■ **Input material**:
*** Block opens ***
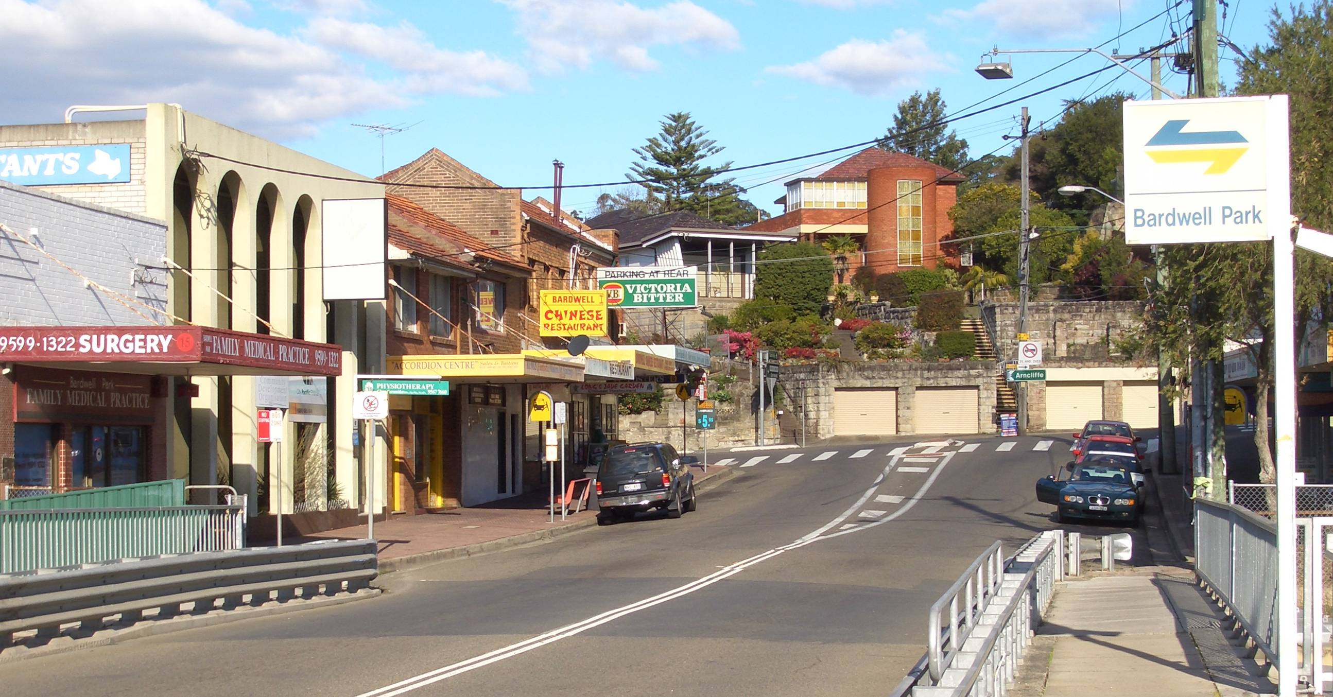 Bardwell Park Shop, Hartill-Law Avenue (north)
*** Block closes ***
*** Block opens ***
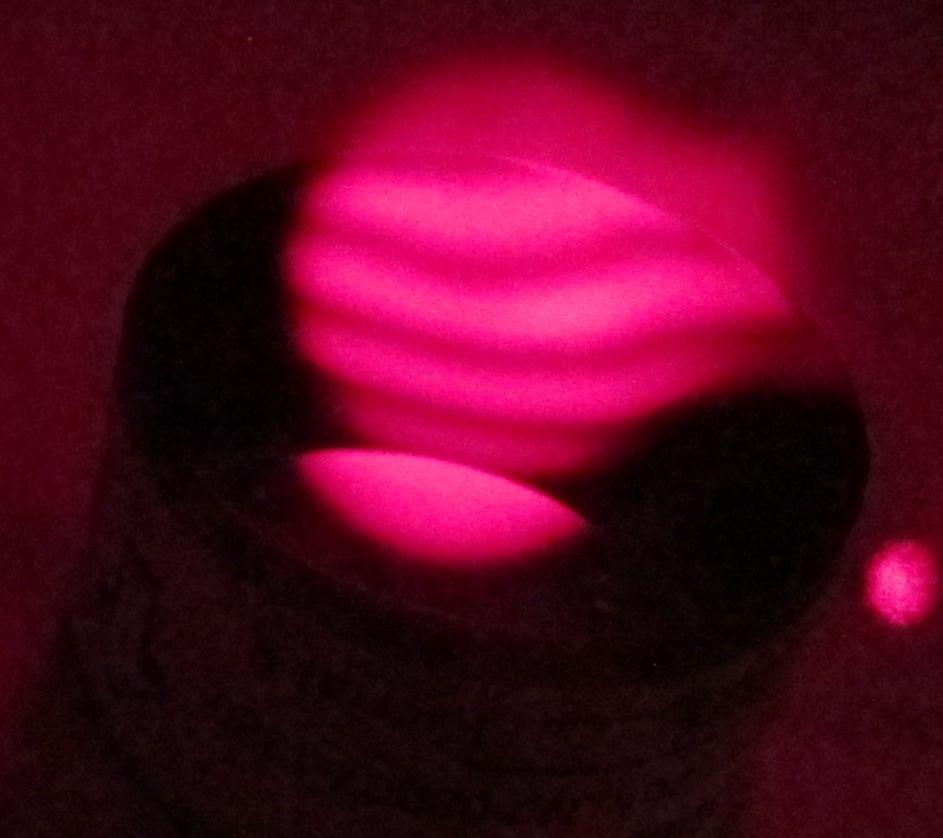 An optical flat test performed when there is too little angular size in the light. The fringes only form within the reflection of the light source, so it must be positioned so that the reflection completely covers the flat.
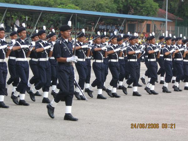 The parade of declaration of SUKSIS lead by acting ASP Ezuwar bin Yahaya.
*** Block closes ***
■ **Assignment**:
Please copy out from the data above, without any picture, exactly the lines running from the one that holds "An optical flat" through the one that holds "The parade of", and nothing beyond them.

■ **The completed task**:
 An optical flat test performed when there is too little angular size in the light. The fringes only form within the reflection of the light source, so it must be positioned so that the reflection completely covers the flat.
 The parade of declaration of SUKSIS lead by acting ASP Ezuwar bin Yahaya.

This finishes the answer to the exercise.